Beim Unisport werden zahlreiche Indoor- und Outdoor-Aktivitäten angeboten.

  1. Wo es früher den akademischen Fechtlehrer gab, sind heute Trendsportarten wie Tischtenniskopfball angesagt
  2. Mit dem Sportprogramm blickt die Hochschulen und die Uni Köln auf eine lange Tradition zurück
  3. Wir nehmen Sie mit auf eine Reise zu den Anfängen des Uni-Sports

Köln – Wie genau Hermann Hütter am 4. März 1935 starb, ist unklar. Um 19 Uhr habe sein Herz aufgehört zu schlagen, von einem „Unglücksfall“ ist in seiner Todesanzeige die Rede, 71 Jahre wurde er alt. Mit Stolz hat die Familie den einstigen Beruf von Hermann Hütter hervorgehoben, „Universitäts-Fechtlehrer im Ruhestand“.

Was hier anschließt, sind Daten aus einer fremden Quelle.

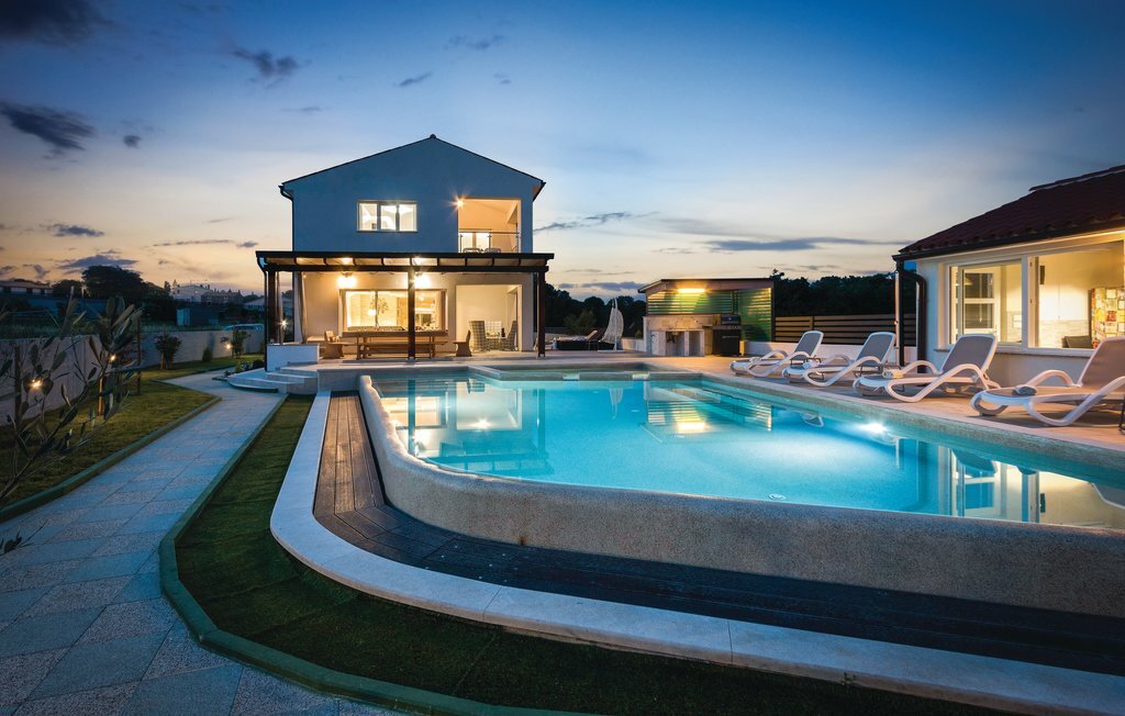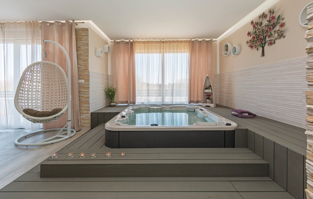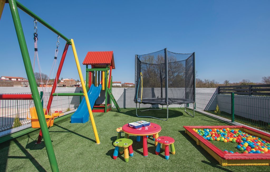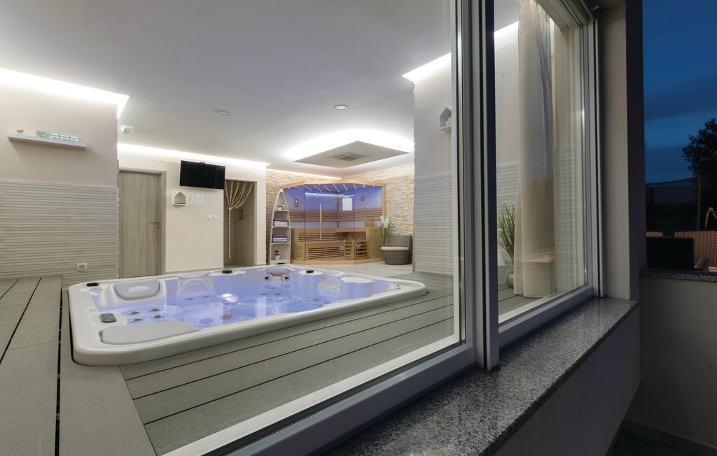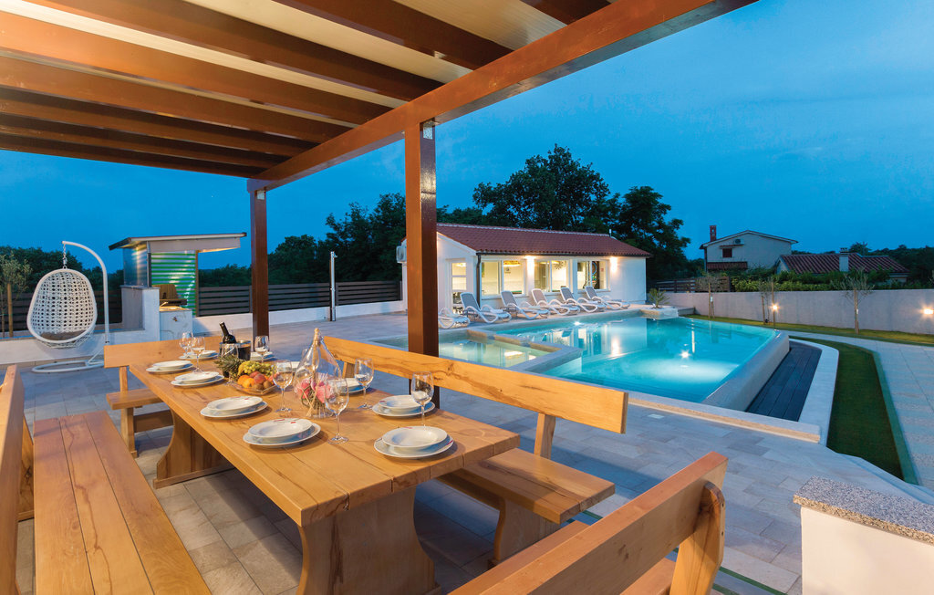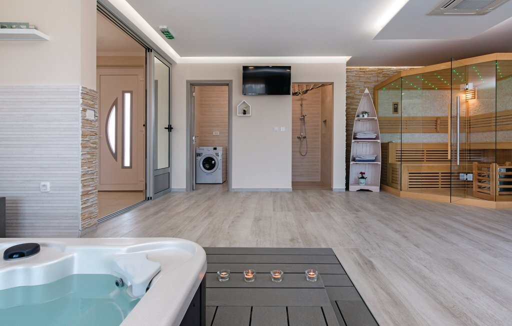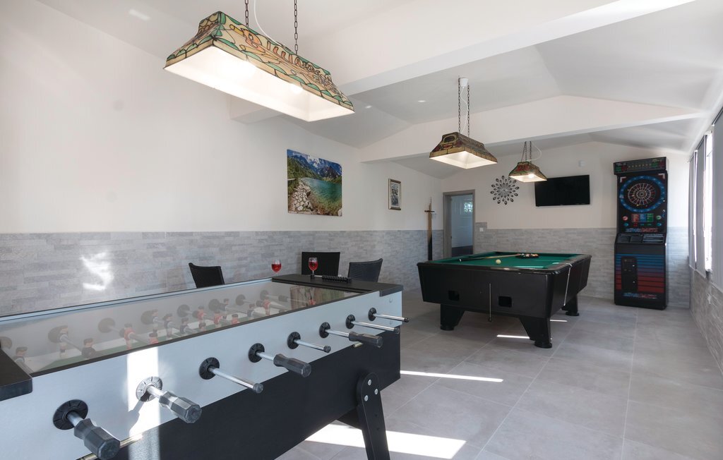 Vous rêvez de vous réveiller dans une maison de vacances exclusive, entourée de nature et d'une ambiance méditerranéenne ? Alors cette maison de première classe est le bon choix pour vous. Cette impressionnante maison de vacances répond à tous les souhaits. Que ce soit la grande piscine à débordement avec bassin séparé pour les enfants, la salle d'activités avec billard, fléchettes et tennis de table ainsi que la salle de bien-être avec jacuzzi pour six personnes et sauna finlandais, tout y est. Les petits hôtes ne s'ennuieront pas non plus dans cette maison de rêve, car trampoline, toboggan, balançoire, PS4 et piscine à boules leur permettront de s'amuser. L'intérieur est entièrement climatisé et l'équipement satisfera même les hôtes les plus exigeants. Les plages les plus proches se trouvent à Duga Uvala et Krnica. Une visite des villes de Pula, Medulin et Pore est également recommandée.

Anfang des 20. Jahrhunderts hatte sich die Universität noch einen akademischen Fechtmeister geleistet. „Vor allem für die studentischen Verbindungen war dieser Sport wichtig“, sagt Dr. Andreas Freitäger, stellvertretender Leiter des Universitätsarchivs. Ein ordentlich vernarbter Schmiss war einst das Erkennungszeichen diverser Akademiker.

Damals: In der Turnhalle Claudiusstraße (Südstadt) hielten sich Studierende früher an Ringen und beim Barren-Turnen fest.

Traditionsreiche Sportarten beibehalten

Seit jeher haben Studierende Sport getrieben, um den angestrengten Geist zu entspannen. Eine satirische Postkarte aus dem Jahr 1908 zeugt von den Sportarten, die damals an der Handelshochschule, dem Vorläufer der Kölner Universität, getrieben wurden. Rudern war beliebt, auch Reiten, Tennis, Schießen und Fechten. Eckhard Rohde spricht gerne von „Traditionssportarten“. Seit 20 Jahren leitet er den „Unisport“, der den Studierenden und den Mitarbeitern von Universität und Uniklinik ein riesiges Freizeitangebot mit rund 150 Sportarten bietet. Jede Woche werden rund 500 Stunden Sport veranstaltet.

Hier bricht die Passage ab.